AELP Consultation on National Minimum Wage6th October 2015
The Association of Employment and Learning Providers (AELP), which represents the interests of a range of organisations delivering vocational learning and employment and employability support within the United Kingdom, have released their findings after a consultation on the National Living Wage.
The National Living Wage, one of George Osborne’s key employment and skills measures announced in the Summer Budget, will see the minimum wage (for those 25 and above) rise from £6.70 to £7.20 per hour in April 2016, increasing to £9 per hour by 2020. The Apprenticeship minimum wage will also increased by 57p, up to £3.30 per hour.
The AELP stated the key principles which underlay their consultation and response:
There are too many categories of minimum wages which makes the system difficult to understand or justify. This is also the cause of many employers paying the wrong rates of pay.
We believe all working people should be fairly rewarded but the minimum wage must be set at a rate that does not impact on the employment prospects of any people but especially young people.
There is a justification for apprentices to be paid a lower rate than their co workers because of the commitment the employer makes to supporting the apprentices but this should only be in the region of around 20%. This should not apply to anyone over the age of 25.

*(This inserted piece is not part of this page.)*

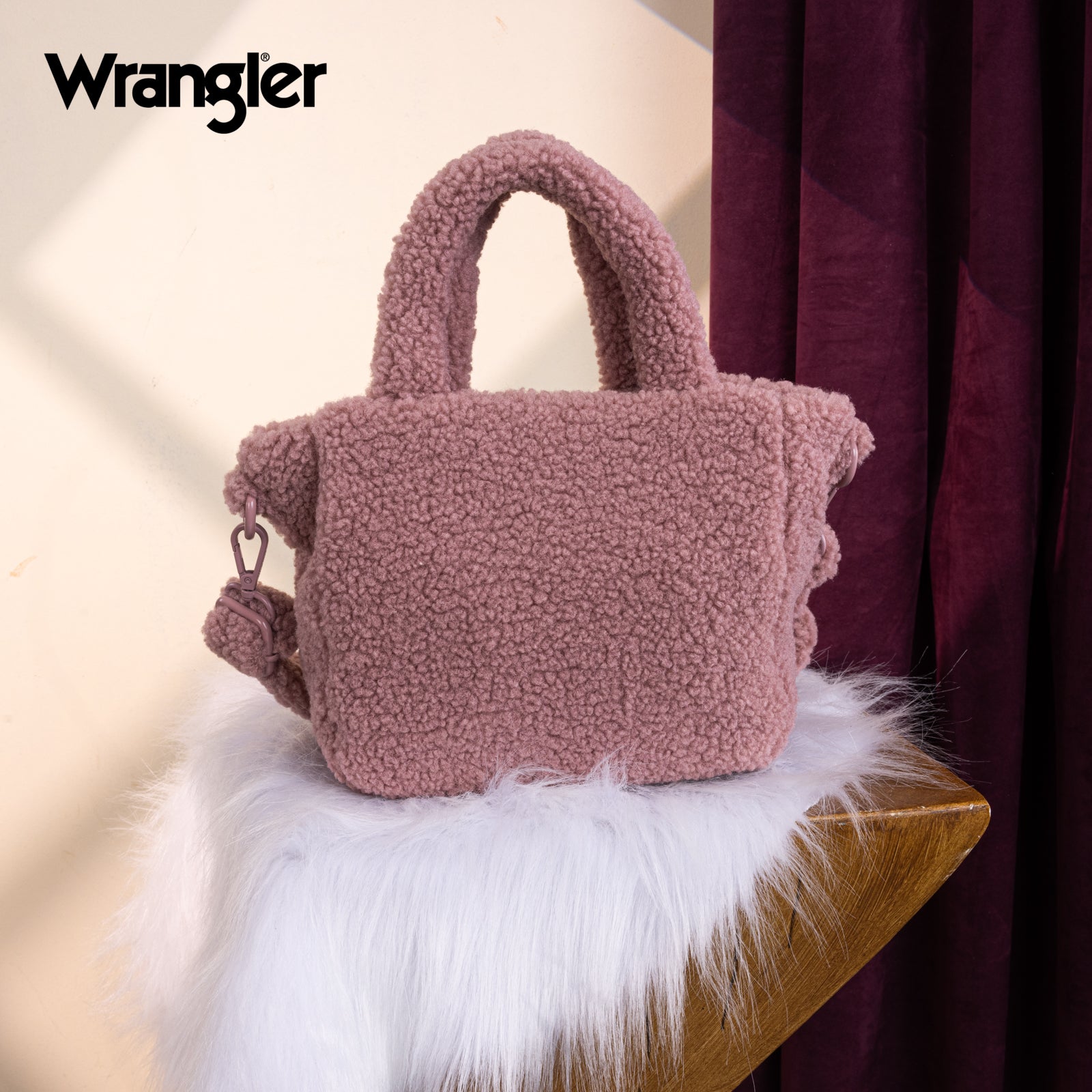 WG266-8015 Wrangler Sherpa Aztec Sherpa Small Tote/Crossbody - Dark Pink

When an increase in the minimum wage is justified then this increase should be managed in stages so that the impact of the change can be monitored.
We should encourage all employers to pay a fair rate which in many cases is well above the minimum levels.
In light of these considerations, the AELP consultation developed the following recommendations for the Government to adopt in order to make the National Living Wage a successful and inclusive policy development for all:
Minimum (Living) Wage set at 60% of the average wage rate.
This should apply to all workers over 25 including all apprentices. Apprentices at that age are normally already at work albeit undertaking a new role or a substantive training programme. Employers will be getting the productivity gains and benefits so they should be able to afford this pay rate without affecting employment.
The NLW for 18 to 24 year olds should be set at 15% below the general NLW to represent the additional training and support provided by employers to less experienced workers. This wage gap should be closed progressively for workers over 18 by 2020.
The NLW for 16 -18 year olds should be set at 25% below the general NLW and this gap should be progressively closed to 15% by 2020.
We should consider if apprentices over the age of 25 should be paid the NLW by 2020. The current gap between the payment for the first year of the Apprenticeship should be closed over that period.
Apprentices aged 18 – 24 in their first year should be paid at the same rate as other 18 – 24 year old workers by 2020. If so, the gap should be closed progressively between now and then.
7. Apprentices aged 16 – 18 should have a NLW at 20% below the payment for non Apprenticeship employees. This gap should be closed by 2020.